**About this exercise**:
Once you find the line with "年間投げ銭100億円超を突破" in the entries below, print it and each line after it up to and including the line with "Men's Thanksgiving Cartoon", exactly, without pictures.

**Stored data**:
►
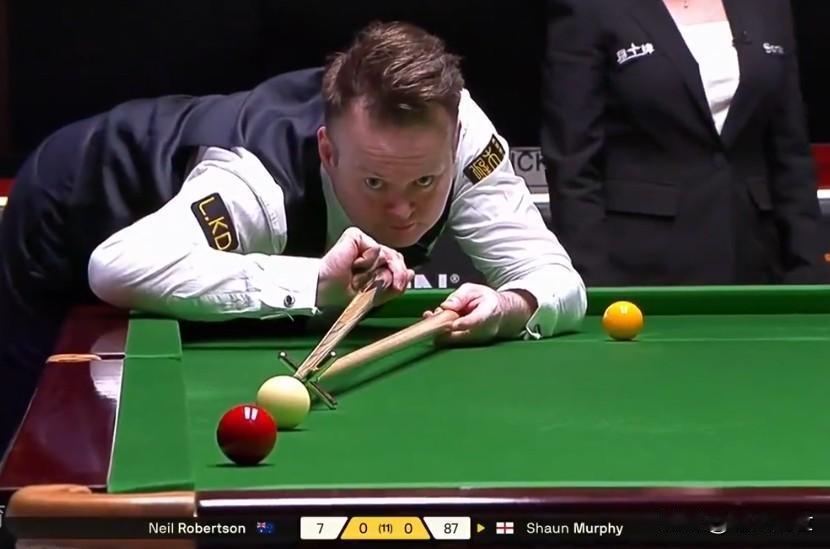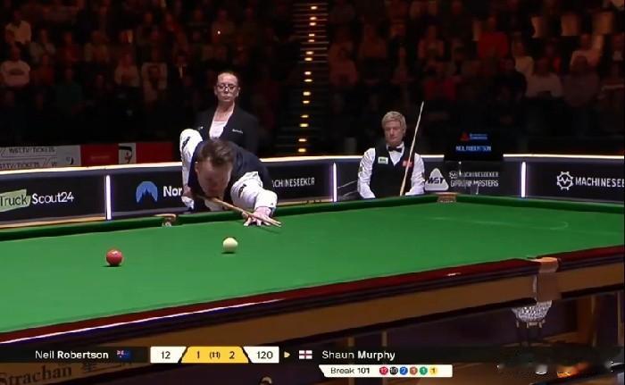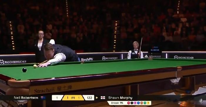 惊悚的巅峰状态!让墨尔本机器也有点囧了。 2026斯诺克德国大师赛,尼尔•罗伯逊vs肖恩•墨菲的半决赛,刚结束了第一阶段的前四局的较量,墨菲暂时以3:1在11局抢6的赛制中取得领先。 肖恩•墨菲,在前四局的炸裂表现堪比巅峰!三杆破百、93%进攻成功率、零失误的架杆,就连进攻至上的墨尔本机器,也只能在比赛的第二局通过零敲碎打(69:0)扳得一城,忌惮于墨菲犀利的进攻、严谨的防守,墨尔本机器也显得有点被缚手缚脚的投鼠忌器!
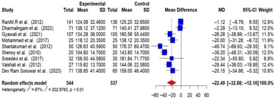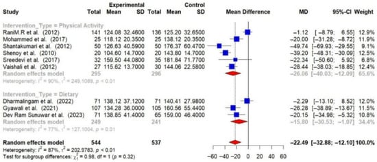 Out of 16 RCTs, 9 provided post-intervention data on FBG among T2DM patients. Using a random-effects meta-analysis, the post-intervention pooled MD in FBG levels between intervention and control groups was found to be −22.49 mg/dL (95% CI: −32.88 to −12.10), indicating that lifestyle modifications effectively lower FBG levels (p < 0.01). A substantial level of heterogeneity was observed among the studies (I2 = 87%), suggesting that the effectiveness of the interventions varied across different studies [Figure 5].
◄
►
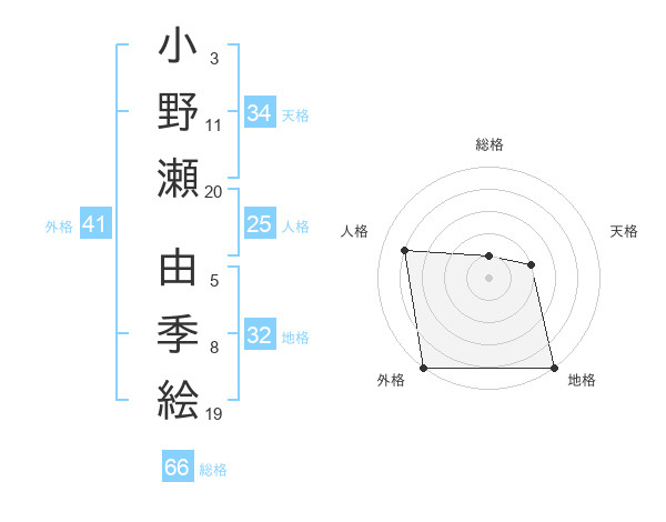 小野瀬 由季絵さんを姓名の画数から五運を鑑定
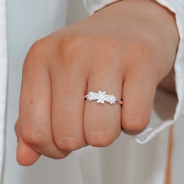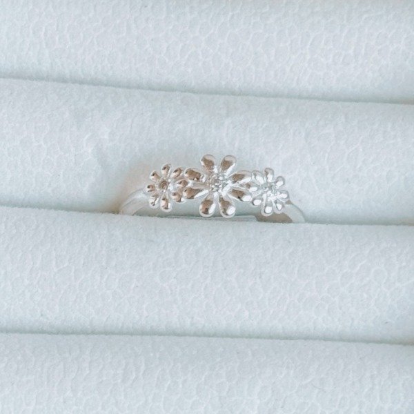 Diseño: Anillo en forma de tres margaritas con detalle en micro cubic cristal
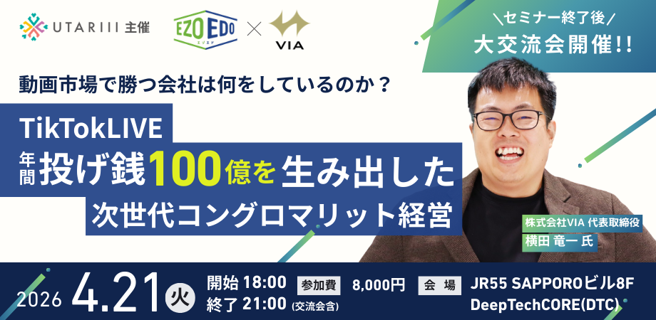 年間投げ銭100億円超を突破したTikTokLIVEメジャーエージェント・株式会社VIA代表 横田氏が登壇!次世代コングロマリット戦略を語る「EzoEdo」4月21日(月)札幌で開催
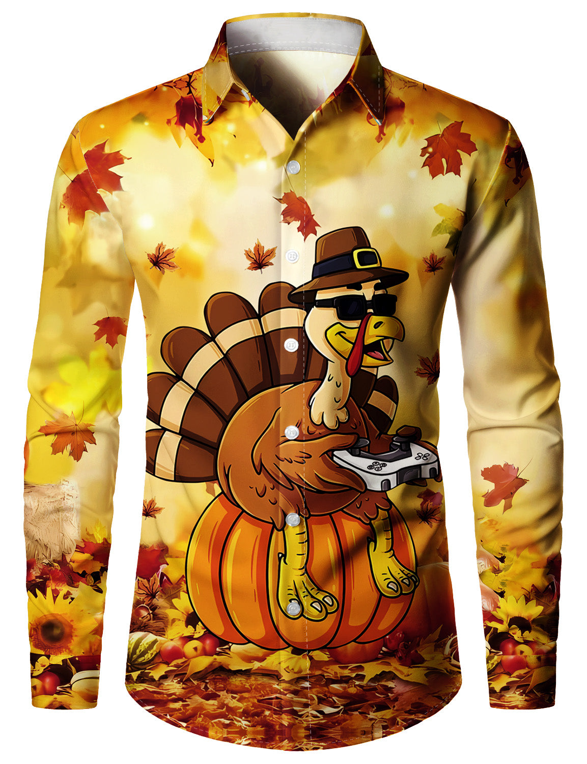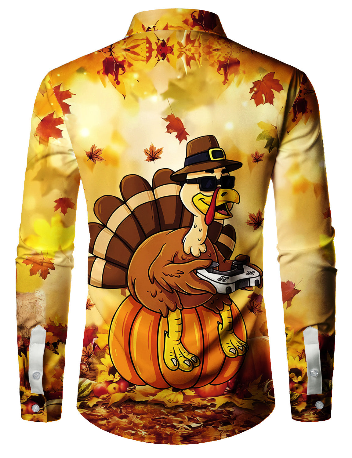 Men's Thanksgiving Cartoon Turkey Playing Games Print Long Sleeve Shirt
◄
**Solution to this exercise**:
 年間投げ銭100億円超を突破したTikTokLIVEメジャーエージェント・株式会社VIA代表 横田氏が登壇!次世代コングロマリット戦略を語る「EzoEdo」4月21日(月)札幌で開催
 Men's Thanksgiving Cartoon Turkey Playing Games Print Long Sleeve Shirt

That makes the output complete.